Advancing Big Data Science in Genomics Research

In 2013, the Natural Sciences and Engineering Research Council of Canada (NSERC), Genome Canada, the Canadian Institutes of Health Research (CIHR) and the Canada Foundation for Innovation (CFI) partnered on a 2013 Discovery Frontiers call for proposals, focused on advancing big data science in genomics research. This initiative was designed to support the development of tools and methodologies to integrate currently available complex data sets in the fields of ‘omics sciences with each other, as well as with phenotypic data and data from other related fields of biological sciences. It was aimed at building on past and ongoing investments in this area, the most recent being the Bioinformatics and Computational Biology Request for Applications launched in June 2012 by Genome Canada and CIHR.

The result of the Competition was announced April 30, 2014. Federal funding totaling $5.6 million was awarded to the Ontario-led project to support an unprecedented collaboration – both in Canada and internationally – to develop tools that can effectively manipulate vast amounts of data to help find cures for cancer.

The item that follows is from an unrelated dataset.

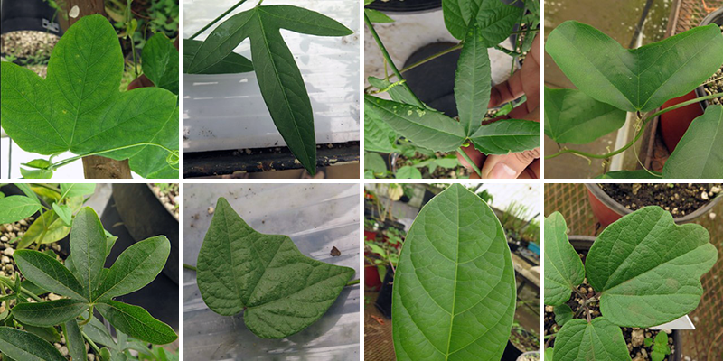 Diversidad de formas de hojas de pasionarias mexicanas cultivadas en el Jardín Botánico Francisco Javier Clavijero. Crédito: María Teresa Jimenez Segura

The Cancer Genome Collaboratory

Project Leader: Lincoln Stein
Institution: Ontario Institute for Cancer Research
Total Project Funding: $5.6 million

This project will set up a unique cloud computing facility which will enable research on the world’s largest and most comprehensive cancer genome dataset. Using the facilities of the Cancer Genome Collaboratory, researchers will be able run complex data mining and analysis operations across 10 to 15 petabytes of cancer genome sequences and their associated donor clinical information.

Using advanced metadata tagging, provenance tracking, and workflow management software, researchers will be able to execute complex analytic pipelines, create reproducible traces of each computational step, and share methods and results. This represents a fundamental reversal in the current practice of genome analysis. Rather than requiring researchers to spend weeks downloading hundreds of terabytes of data from a central repository before computations can begin, researchers will upload their analytic software into the Collaboratory cloud, run it, and download the compiled results in a secure fashion.

Since the genetic data used in the Collaboratory is so detailed as to permit personal identification, privacy issues are central to the project’s design. A special team of computer scientists will investigate ways to guard the privacy of everyone whose data are analyzed. These will include techniques to make genetic profiles anonymous without the loss of details that would render the profiles overly vague, and techniques to structure queries from health researchers so they can be processed via secure data storage sites.